Stored items:
BEGIN

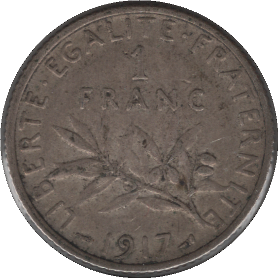 1917 France 1 Franc Silver Coin (Franc 2014# 217, Gad 1789# 467, KM# 844, Schn# 187)
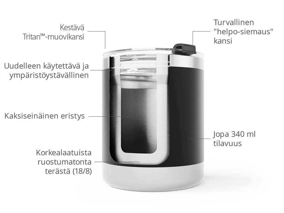 Sen lisäksi, että Crew on mainio mainoskäyttöön, se on yhtä lailla toimiva ja käytännöllinen sille, joka sen saa. Asiakkaat, asiakkaat, työntekijät ja muut organisaatiosi sidosryhmät haluavat todella käyttää tätä matkakuppia päivittäin!
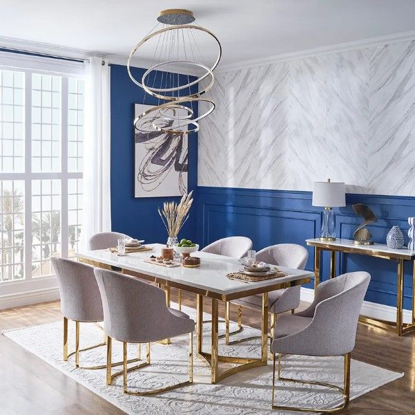 Bring a touch of sparkle and sophistication to your contemporary space with the Noto dining table. This sturdy table has a thick white faux marble top and a glossy gold metal base, making it a stunning addition to any dining area. Gather eight chairs around it and you'll be ready to host a luxurious dinner for your family and friends. The product images have props used for illustrative purposes. The product is one Noto Dining Table. Dining chairs are sold separately.
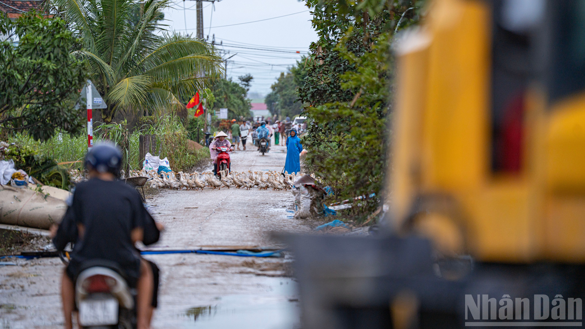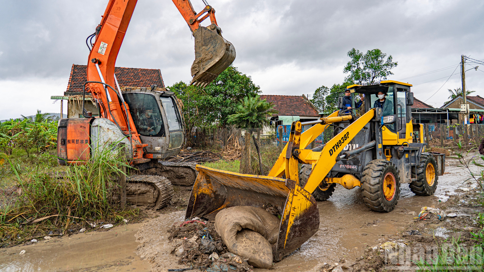 Những xe múc và trang thiết bị hạng nặng được vận hành ngày đêm để dọn dẹp đường làng, ngõ xóm - tuyến huyết mạch để tái ổn định hoạt động lao động - sản xuất.
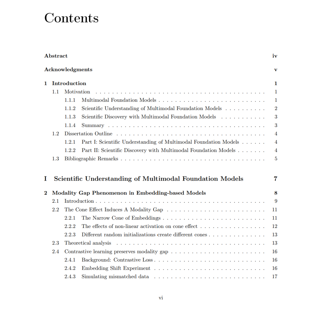 首先,我通过分析多模态基础模型的内部表征行为模式,加深了对其科学机理的理解。针对基于嵌入的多模态对比模型,我揭示并缓解了“模态鸿沟”问题——即视觉与语言表征之间持久存在的几何分离——并展示了消除这一鸿沟如何支持诸如跨模态检索多模态诊断等应用。针对生成式多模态大语言模型,我发现并应对了其在图像分类等核心能力上的意外弱点,并提出了更精确的评估策略。
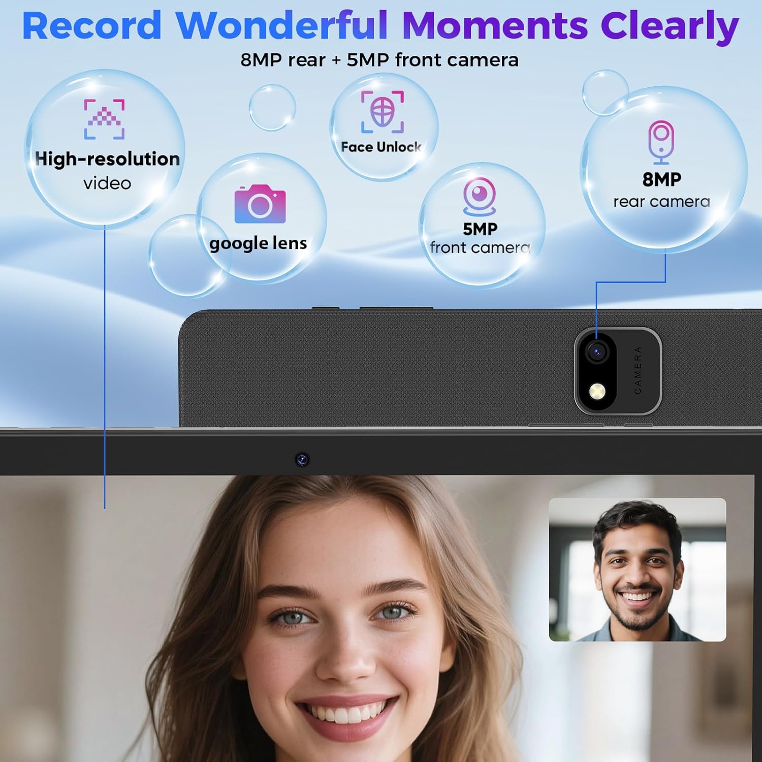 - 【High-Definition Immersive Audio-Visual】The 10.1-inch HD IPS display (1280x800 resolution) combines precise colour reproduction with a 120Hz high refresh rate, delivering a smooth and responsive visual experience and control feel, whether you're watching movies, playing games, or reading. The tablet with a keyboard is equipped with a 5MP front camera and a 8MP rear dual camera, meeting the needs of high-quality video calls, daily photography, and life recording.
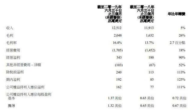 8月15日,联想集团发布截至2019年6月30日的第一财季业绩(自然年为第二季度),报告期内,集团总收入125.12亿美元,约合880亿人民币,同比增长5%;净利润1.62亿美元,约合11亿人民币,同比增长111%。、
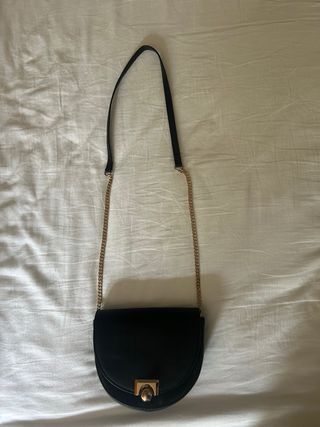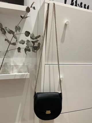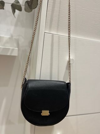 Precioso bolso bandolera de color negro. Es pequeño y elegante, ideal para llevar lo esencial. - Asa de cadena dorada. - Diseño de solapa.
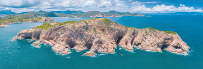 香港地質(zhì)公園的早白堊世流紋質(zhì)火山巖柱群源自約1.4億年前該地區(qū)的火山活動。巖柱罕有地由富含二氧化硅的酸性流紋質(zhì)火山巖形成,分布在西貢糧船灣等約100平方公里海陸區(qū)域。這些巖柱的直徑平均為1.2米,最粗達3米,現(xiàn)存總厚度估計達400米,露出地表的高度達100米。圖為香港地質(zhì)公園甕缸群島——橫洲,小島展示了柱狀節(jié)理,以及海蝕崖、海蝕洞、海蝕拱等海岸侵蝕地貌。吳善斌攝(人民視覺)

END

--- Task to carry out ---
Start to finish, write out the data above exactly, omitting all pictures.

--- Task result ---
 1917 France 1 Franc Silver Coin (Franc 2014# 217, Gad 1789# 467, KM# 844, Schn# 187)
 Sen lisäksi, että Crew on mainio mainoskäyttöön, se on yhtä lailla toimiva ja käytännöllinen sille, joka sen saa. Asiakkaat, asiakkaat, työntekijät ja muut organisaatiosi sidosryhmät haluavat todella käyttää tätä matkakuppia päivittäin!
 Bring a touch of sparkle and sophistication to your contemporary space with the Noto dining table. This sturdy table has a thick white faux marble top and a glossy gold metal base, making it a stunning addition to any dining area. Gather eight chairs around it and you'll be ready to host a luxurious dinner for your family and friends. The product images have props used for illustrative purposes. The product is one Noto Dining Table. Dining chairs are sold separately.
 Những xe múc và trang thiết bị hạng nặng được vận hành ngày đêm để dọn dẹp đường làng, ngõ xóm - tuyến huyết mạch để tái ổn định hoạt động lao động - sản xuất.
 首先,我通过分析多模态基础模型的内部表征行为模式,加深了对其科学机理的理解。针对基于嵌入的多模态对比模型,我揭示并缓解了“模态鸿沟”问题——即视觉与语言表征之间持久存在的几何分离——并展示了消除这一鸿沟如何支持诸如跨模态检索多模态诊断等应用。针对生成式多模态大语言模型,我发现并应对了其在图像分类等核心能力上的意外弱点,并提出了更精确的评估策略。
 - 【High-Definition Immersive Audio-Visual】The 10.1-inch HD IPS display (1280x800 resolution) combines precise colour reproduction with a 120Hz high refresh rate, delivering a smooth and responsive visual experience and control feel, whether you're watching movies, playing games, or reading. The tablet with a keyboard is equipped with a 5MP front camera and a 8MP rear dual camera, meeting the needs of high-quality video calls, daily photography, and life recording.
 8月15日,联想集团发布截至2019年6月30日的第一财季业绩(自然年为第二季度),报告期内,集团总收入125.12亿美元,约合880亿人民币,同比增长5%;净利润1.62亿美元,约合11亿人民币,同比增长111%。、
 Precioso bolso bandolera de color negro. Es pequeño y elegante, ideal para llevar lo esencial. - Asa de cadena dorada. - Diseño de solapa.
 香港地質(zhì)公園的早白堊世流紋質(zhì)火山巖柱群源自約1.4億年前該地區(qū)的火山活動。巖柱罕有地由富含二氧化硅的酸性流紋質(zhì)火山巖形成,分布在西貢糧船灣等約100平方公里海陸區(qū)域。這些巖柱的直徑平均為1.2米,最粗達3米,現(xiàn)存總厚度估計達400米,露出地表的高度達100米。圖為香港地質(zhì)公園甕缸群島——橫洲,小島展示了柱狀節(jié)理,以及海蝕崖、海蝕洞、海蝕拱等海岸侵蝕地貌。吳善斌攝(人民視覺)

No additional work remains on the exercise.